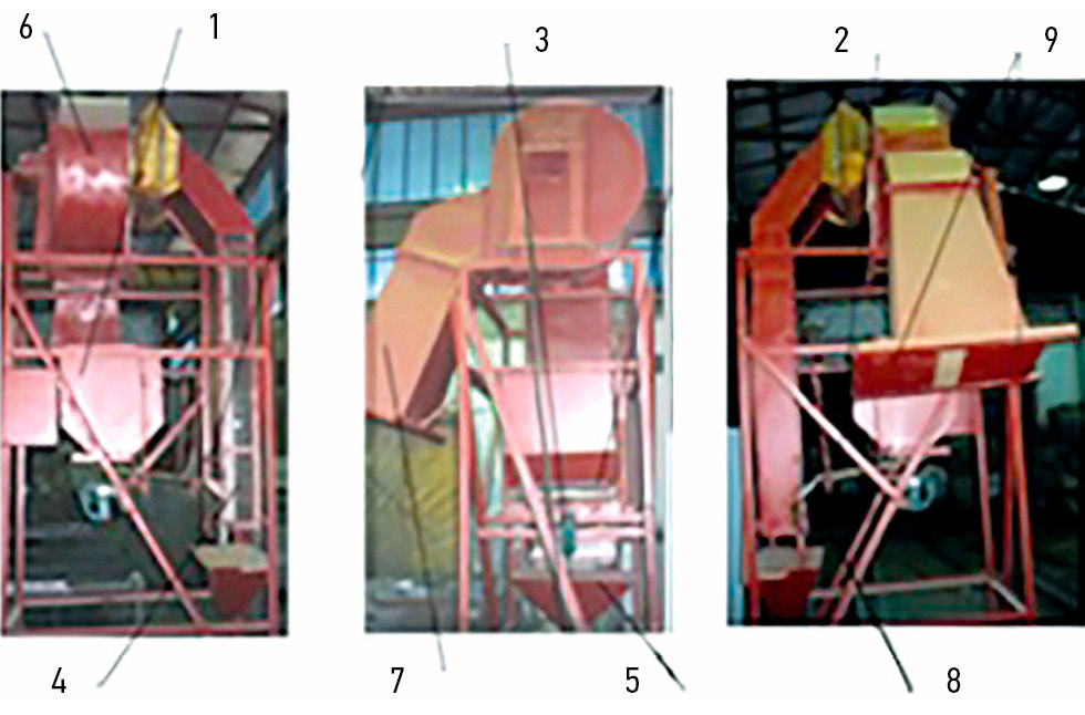 Рис. 1. Общий вид экспериментальной установки для определения скорости их ввода в вертикальный воздушный поток: 1 – бункер для семян; 2 – заслонка бункер семян; 3 – направитель из металла; 4 – приводное устройство; 5 – заслонка; 6 – пневматический канал; 7 – осадочная камера для семян; 8 – вентилятор; 9 – осадочная камера для примесей.
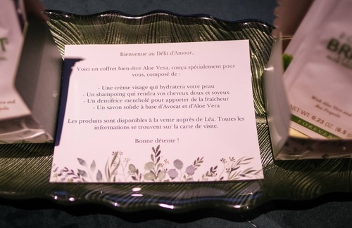 Several welcome gifts are offered: body care products, shampoo, soap, bottle of water and bottle of tropico.
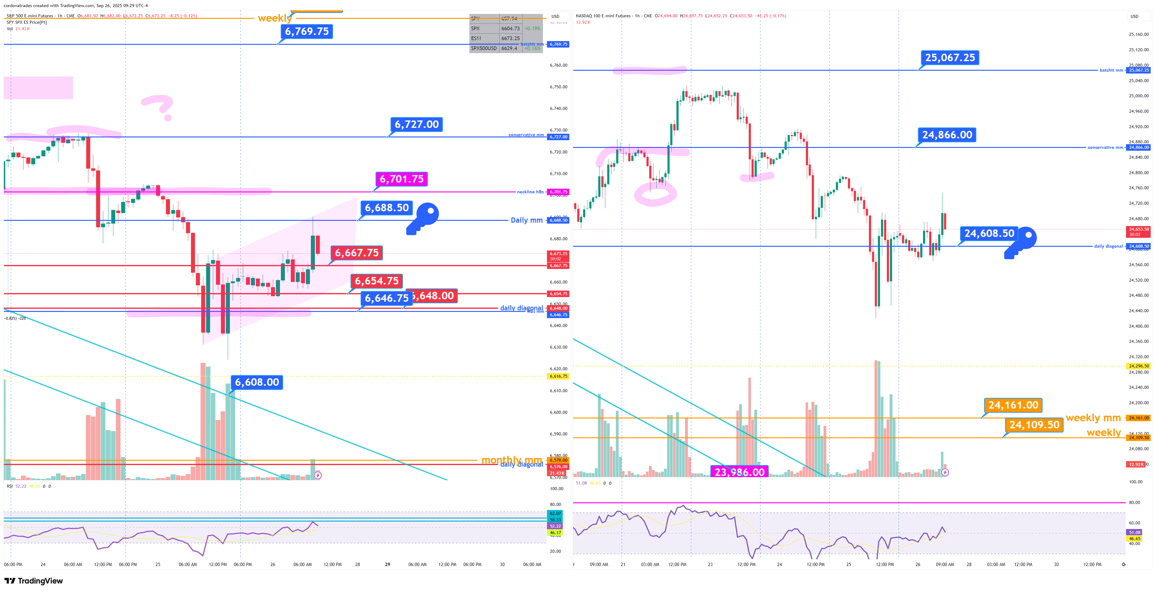 Flagging FridayJulia Cordova✨Sep 26, 2025∙ Paid2SharePotential bear flagging on both indices, but the flags are more ‘squinty’ and less clean. Watch 6688.50 as the $ES key today. $GC 3782.6 hourly support. $CL watch 65.26 and over 65.65 is a big whoop.This post is for paid subscribersSubscribeAlready a paid subscriber? Sign in
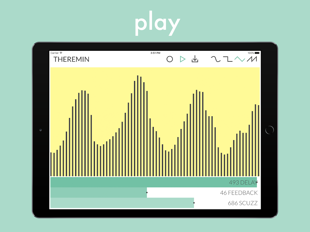 이것은 멀티 터치 신디사이저 악기입니다. 터치 화면을 스 와이프, 파형을 변경하고 기존의 공상 과학 테레 민에서 아무것도를 만드는 데 영향을 밀어 플레이 깊은 scuzzy 사운드 스케이프에 소리가 난다. 기록, 루프 오버 더빙 층에 루퍼 컨트롤을 사용합니다. 저장하거나 기록을 공유하려면 다음, 메시지, 이메일, 드롭 박스 등 같은 다른 호환 애플 리케이션에 wav 파일을 보낼 수있는 다운로드 버튼을 누르면

────────────────

# [Work request]
Write out each line of the listing above, exactly, from its first line to the line holding "Flagging FridayJulia Cordova✨Sep", inclusive. Skip the pictures.

# [Reply]
 Рис. 1. Общий вид экспериментальной установки для определения скорости их ввода в вертикальный воздушный поток: 1 – бункер для семян; 2 – заслонка бункер семян; 3 – направитель из металла; 4 – приводное устройство; 5 – заслонка; 6 – пневматический канал; 7 – осадочная камера для семян; 8 – вентилятор; 9 – осадочная камера для примесей.
 Several welcome gifts are offered: body care products, shampoo, soap, bottle of water and bottle of tropico.
 Flagging FridayJulia Cordova✨Sep 26, 2025∙ Paid2SharePotential bear flagging on both indices, but the flags are more ‘squinty’ and less clean. Watch 6688.50 as the $ES key today. $GC 3782.6 hourly support. $CL watch 65.26 and over 65.65 is a big whoop.This post is for paid subscribersSubscribeAlready a paid subscriber? Sign in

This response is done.